Sarhoş şahsın içtiği içki miktarı arttıkça, kandaki alkol miktarının artacağı şüphesizdir. Bilineceği gibi, vücudun alkolü yakma sürati bir saatte ancak 5-10 santimetreküptür. Bu miktardan fazla alkol vücuda girerse kandaki alkol nisbetide artacaktır. İşte şahısta görülen sarhoşluk belirtileri kandaki alkolün beyine olan tesirlerinden ileri gelmektedir. Kana karışan alkol miktarı ile, beyinde tesir altında kalan saha arasında bir alâka mevcuttur. Meselâ 70 kiloluk bir adam, şayet aç karnına iki şişe bira içecek olursa, kanında mevcut olan alkolün miktarı %0,05 (on binde beş) olur. Kandaki bu miktar alkol ile beynin dış cidarlarının, bilhassa endişe ve merakla alâkalı merkezlerin normal faaliyeti zarar görür. İçki içen kimseye yalancı bir iyilik hali verir. Her şeyi sanki toz pembe görmeye başlar. Utanma hissi kaybolur. Tıpta buna öfori denir. Bu durumda şahsın kendi kendisini kontrol mekanizması kaybolmuştur. Sarhoş gelişigüzel ve abuk sabuk sözler söylemeye başlar. Yaptığı her işin en iyisini yaptığına emindir. Meselâ bir sarhoşa daktiloda yazı yazdırsanız, sarhoş olmadan önce iyi yazı yazsa da, hatalarla dolu bir yazıyı önünüze getirecektir. Buna rağmen kendisi en hatasız bir yazı yazdığını ileri sürer. Sarhoşu bir atış taliminde atış yaptırsanız, hep karavana atış yapan sarhoş, hep on ikiden vurduğunu zanneder. Ayrıca böyle bir halde vasıta kullanan veya bir işte çalışan kimsenin araba kazası veya iş kazası yapma ihtimâlide artmıştır. Bu ihtimâl sarhoşluk arttıkça daha da artacaktır.
Şayet bir sarhoş, kanındaki alkol nisbeti %0,1’e (binde bir) yükselecek kadar içki kullanmışsa, beynin arkasında bulunan motor merkezlerdeki faaliyetler bastırılacaktır. Bu ise şahsın adalelerine hâkim olabilme kabiliyetinin yavaş yavaş kaybolmasına yol açacaktır. Şayet kanındaki alkol nisbeti %0,2(binde iki) ye yükselirse, orta beynin daha derin kısımları tesir altında kalacak ve sarhoşu bir rehâvet basacaktır. Alkol nisbeti %0,5 (binde beş)’i geçerse, beyin sapı diye adlandırılan kısımdaki solunum merkezi felce uğrayacak ve sarhoş baygınlığı müteâkip sessizce hayatını kaybedecektir. Bu şekilde çok sarhoşlar içki masasında hayatlarını kaybetmişlerdir.

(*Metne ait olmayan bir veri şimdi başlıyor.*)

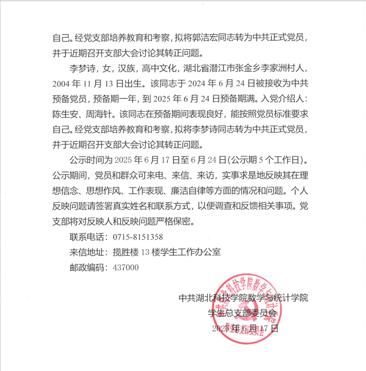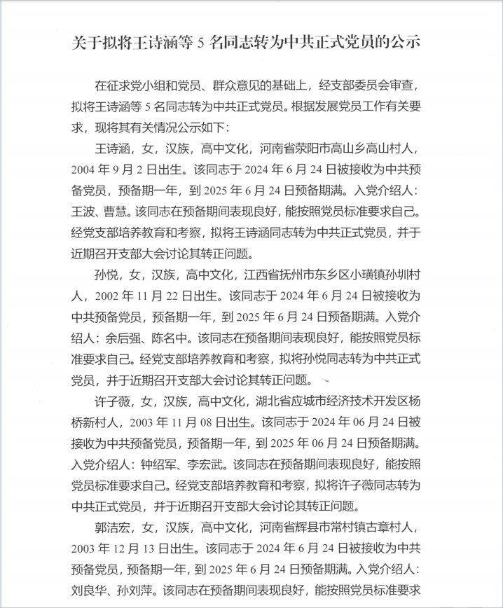 关于拟将王诗涵等5名同志转为中共正式党员的公示

Alkolün %97’si karaciğerde okside olur, yani yanar. Burada su ve karbon diokside kadar parçalanır. Geri kalan %3’ü böbreklerden idrarla, deriden ter vasıtasıyla ve akciğerlerden solunum vasıtası ile atılır. Onun için içki içen şahsın ağzı alkol kokar. Ayrıca çok sık idrara çıkmak ihtiyacını hisseder.
Karaciğerde saatte ancak 10 cm3 kadar alkol yanabilir. Bunun haricinde hiçbir şey, yani ne açık hava ve egzersiz, ne sıcak kahve, ne de soğuk banyo, vücuttan alkolün atılmasına faydası yoktur. Sadece zamanın geçmesi ile alkolün vücuttan tasfiyesi mümkün olur. Şahsın içtiği içki artsa da alkolün vücuttaki yanma sürati artmaz. Bu neticeye göre bir şişe biranın tesirinin geçmesi ortalama 2,5-3 saatte mümkün olabilir.
İçkiden dolayı kanındaki alkol yüzdesi %0,50 (binde beşe) çıkan şahıslar etil alkolün zehirleyici tesiri ile ölürler. Böyle çok insanlar, bir seferde fazla miktarda alkollü içki aldıklarından dolayı zehirlenip ölmüşlerdir.